One other potential option is haxe. Saw a presentation on it at OSCON a few years ago, seemed like a solid technology but hasn't really caught on in the states anyway. It's been around for several years now and people who use Neko seem to love it. Can't speak from experience with that one, but I'd give it a look.

3 comments:

Kevin Hakman said...

Perhaps you're not aware of GI's offline capabilities? Here's a GI app with offline capabilities.

http://www.remixedby.us/craigslist

This app lets you browser craigslist, then save enties and google maps offline that you want to remember for later -- or even use offline while travelling to these locations. It also lets you enter and store notes offline for the items you've saved.

This one uses dojo.storage. But there's nothing preventing GI, which runs as a standard HTML page, from running the way anyother standard webapge runs in AIR or with Gears. That's the point of AIR and Gears -- to be open to the things you can do in a browser today working with the standards of the browser to maximize extensibility. And since GI works in the browser... well, you get the point.

Erik Onnen said...

I do know that GI has offline storage, yes. I'm not the one advocating using Gears and GI, I'm responding to Brian W. who is advocating that on Fuzzy's blog.

I also know that dojo.storage creates a dependency on Flash as the lowest common denominator to provide that storage. If you're introducing a dependency on Flash, then you should just build your application in Flex - development time will be cut in half, the application will render more consistently than in DHTML, and it will render much faster while taking less memory. It's all about maintainability, simplicity and time to market man, not seeing how many acronyms you can cram into an application.

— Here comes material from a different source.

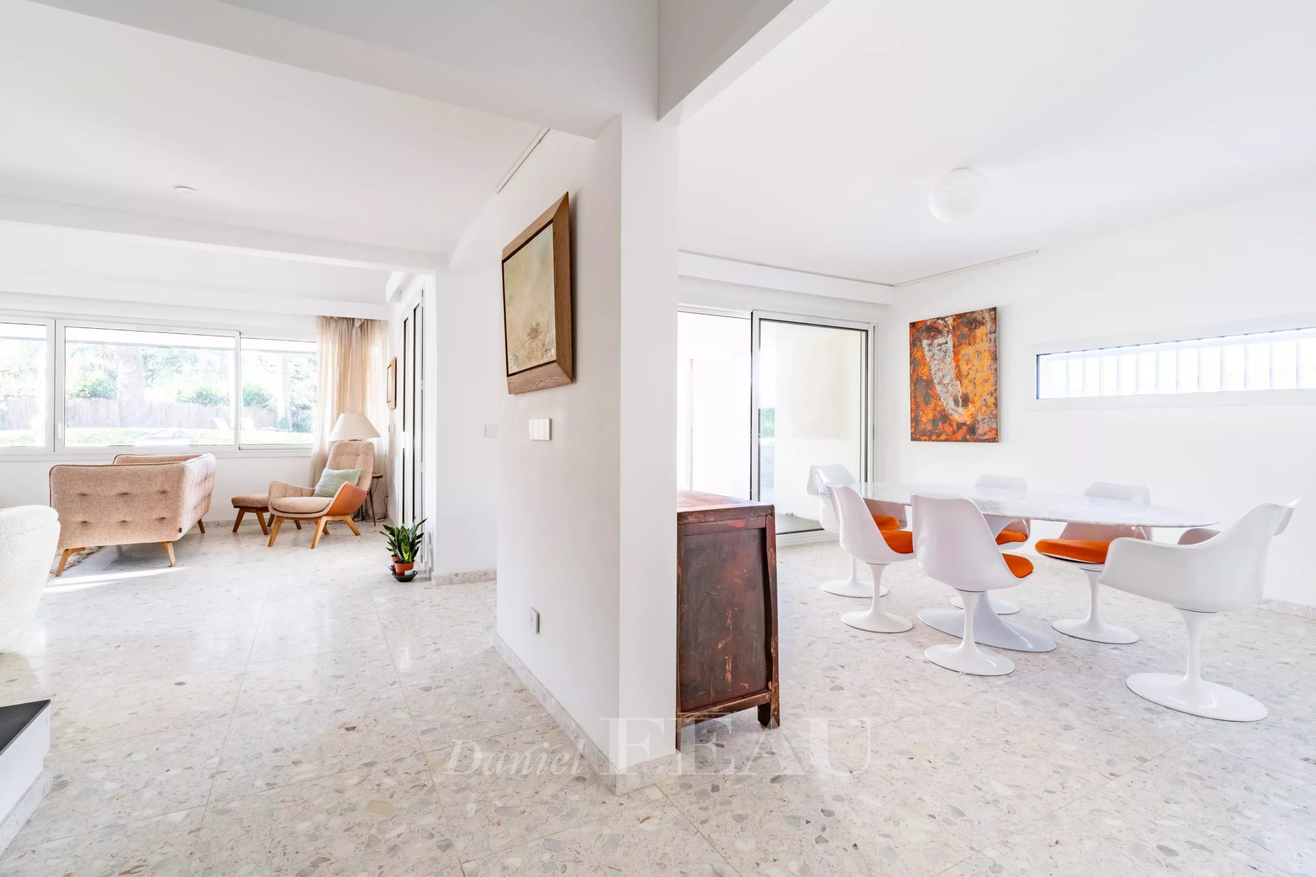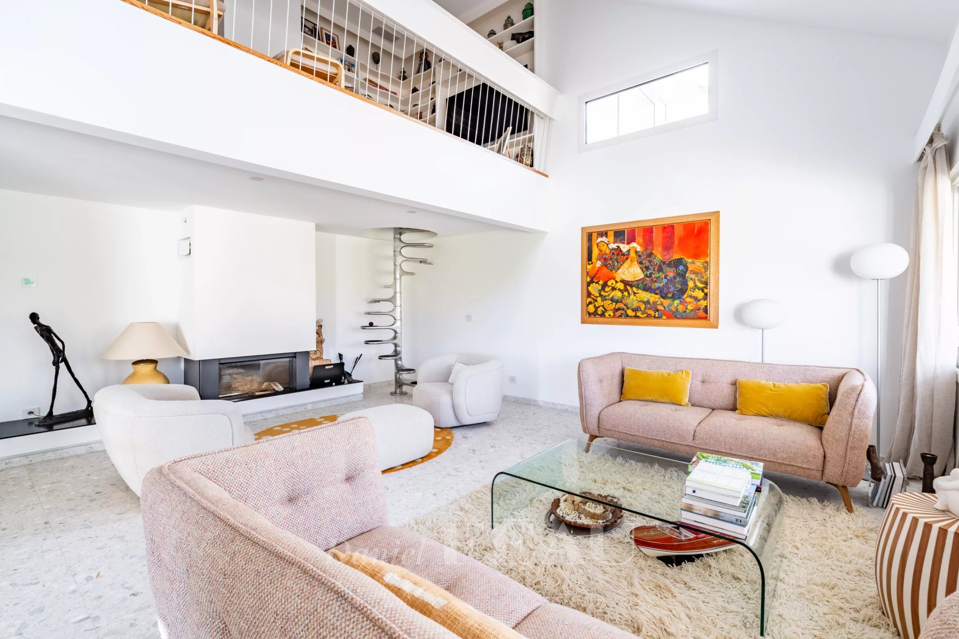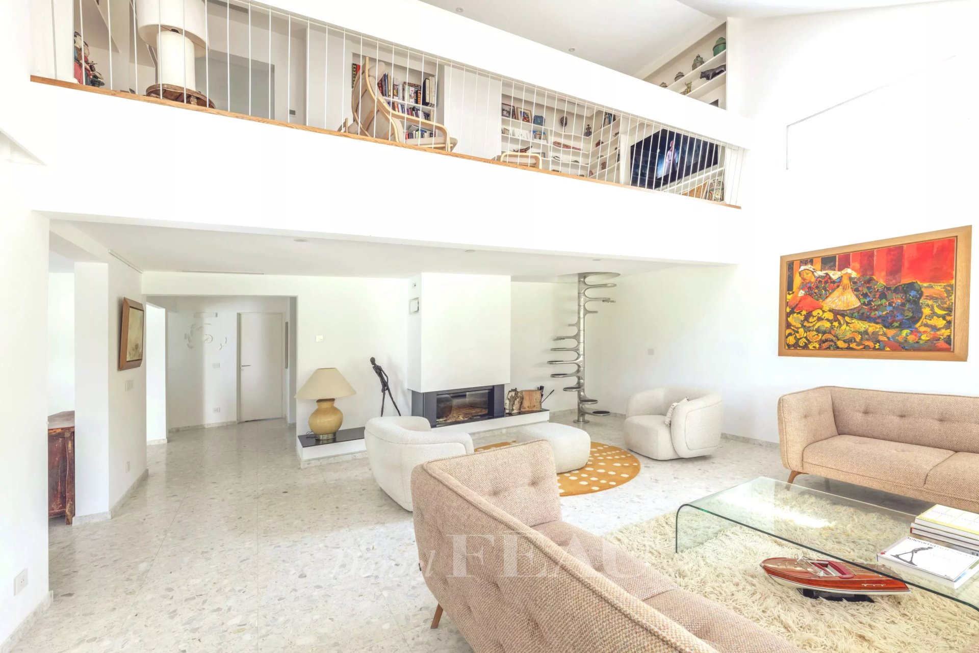 Renovated throughout in 2021, it includes a living/reception room featuring a soaring ceiling and a fireplace opening onto terraces, a mezzanine with a TV lounge/library accessed by means of a staircase designed by Roger Tallon, a luxuriously fitted and equipped separate kitchen, a dining room with a covered terrace, a utility room, a storage room, five bedrooms each with terraces, and four bath or shower rooms.
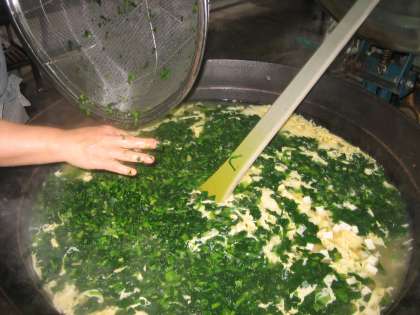 「かきたま汁」は卵の黄色とほうれん草の緑色が鮮やかでした。

How do AIR and Gears work with the standards exactly (and what standards would those be?) If they were "standard" as you suggest, they would have the same API and be accessible though JavaScript on all platforms without plugins. They have their purpose, but that purpose is to address the shortcoming of the standards through proprietary extensions to the browser, just like Flash.

brian said...

Good comments all around.

A few quick points …

- Use case called for independent disconnected client, which in turn brought GI to mind. The GI framework provides all the necessary widgets for disconnected use. If I have any knocks it would be support for Safari, etc.

- At the end of the day it may boil down to working with a single stack vs. integrating on the client

- Integration on the client might be limited more by the looseness of JS than anything else.

- Modifying/extending GI was pretty straightforward. The code base is very clean and understandable. Opening the code was a good thing.

At this point, I'm more interested in issues like:

- For either alternative, do users expect a web experience or a desktop one?

- How to introduce gradients in the experience in a recognizable way (given a large population of intermittent users)

- As the size of the application grows how to manage the user developed client side code base.